Yennayer : Le Nouvel An Berbère

Dans quelques jours, le peuple amazigh va célébrer Yennayer 2966, la nouvelle année du calendrier berbère. Nous vous proposons de découvrir les caractéristiques et les traditions de cette fête, perpétuée aujourd'hui encore en Algérie et, dans une moindre mesure, au Maroc.

Un calendrier agraire

Yennayer correspond au Jour de l'An du calendrier agraire utilisé depuis l'Antiquité par les Berbères. Ce calendrier, toujours en usage dans les régions d'Afrique du Nord, sert à régler les travaux agricoles saisonniers.

Comme ce calendrier est en décalage de 13 jours par rapport à notre calendrier grégorien, yennayer devrait logiquement être fêté le 13 ou le 14 janvier.

Mais en fait, le nouvel an berbère est célébré le 12 janvier, à la demande du Mouvement culturel berbère.

Par ailleurs, dans le calendrier berbère ou calendrier amazigh, notre année 2016 correspond à l'année 2966.

En effet, le point de départ du calendrier berbère est l'an 950 avant Jésus-Christ, date à laquelle le roi berbère Chachnaq 1er a été intronisé pharaon d'Egypte et a fondé la XXIIème dynastie qui régna sur l'Égypte jusqu'en 715 av. J-C. Cette date est mentionnée dans la Bible et constitue le premier événement de l'histoire berbère à figurer sur un support écrit .

Un peu d'étymologie

Le nouvel an berbère s'appelle Yennayer et est symbolisé par la lettre "z" (qui s'écrit en berbère avec le caractère figurant sur l'image ci-dessus).

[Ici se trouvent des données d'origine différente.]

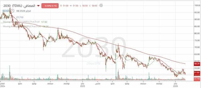 مباشر للأبحاث: يتحرك سهم شركة المصافي العربية السعودية "المصافي" ضمن اتجاه هابط يعكس ضغوطاً واضحة على الأداء السعري خلال الفترة الأخيرة. حيث تظهر الحركة استمرار تسجيل مستويات أقل والتداول دون المتوسط المتحرك؛ ما يؤكد سيطرة القوة البيعية.
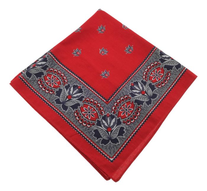 Deze veelzijdige, oud-Hollandse rode boerenzakdoek is een authentiek accessoire dat nog steeds erg populair is. Met opvallende rozen in de hoeken en gestileerde tulpen in het midden, is deze zakdoek een lust voor het oog.

Le mot de "Yennayer" dériverait du latin januarius qui désigne le mois de janvier.

A Rome, le premier mois de l'année avait été nommé ainsi en l'honneur de Janus, le dieu romain des portes, des ouvertures et des choix.

Les traditions du Nouvel An berbère

Yennayer est aujourd'hui célébré dans toutes les régions de l'Algérie, où cette journée est considérée comme une fête nationale. Ce premier jour de l'année est aussi fêté par d'autres communautés nord-africaines, notamment au Maroc.

Pour l'occasion, les familles partagent traditionnellement un repas à base de couscous à la volaille. Le repas sort de l'ordinaire et doit être copieux pour symboliser l'abondance pour l'année qui vient.

Différentes friandises peuvent figurer au menu : lesfenj (des beignets), tirifin (crêpes), fruits secs comme figues sèches, amandes, noisettes et dattes...

Dans certaines régions d'Algérie (Oran) ou du Maroc (Berkane chez les Iznassen), on évite de manger des aliments épicés ou amers pour que l'année à venir ne soit pas amère et mauvaise. En revanche, la tradition veut que les convives mangent beaucoup, au risque de vexer la maîtresse de maison.

Comme yennayer symbolise aussi la longévité, on y associe souvent des événements familiaux :
- première coupe de cheveux des petits garçons
- mariages
- rites d'initiation agricoles : on envoie les enfants aux champs cueillir eux-mêmes fruits et légumes.

Pour que la nouvelle année soit prospère, plusieurs rites de purification sont pratiqués : nettoyer la maison, la purifier avec des herbes fraîches, balayer toutes les pièces pour en chasser la misère, sacrifier un animal pour se prémunir des mauvais esprits etc.

Dans certaines régions, les enfants se déguisent pendant le mois de yennayer et chacun confectionne son propre masque, avant de passer de maison en maison demander des friandises.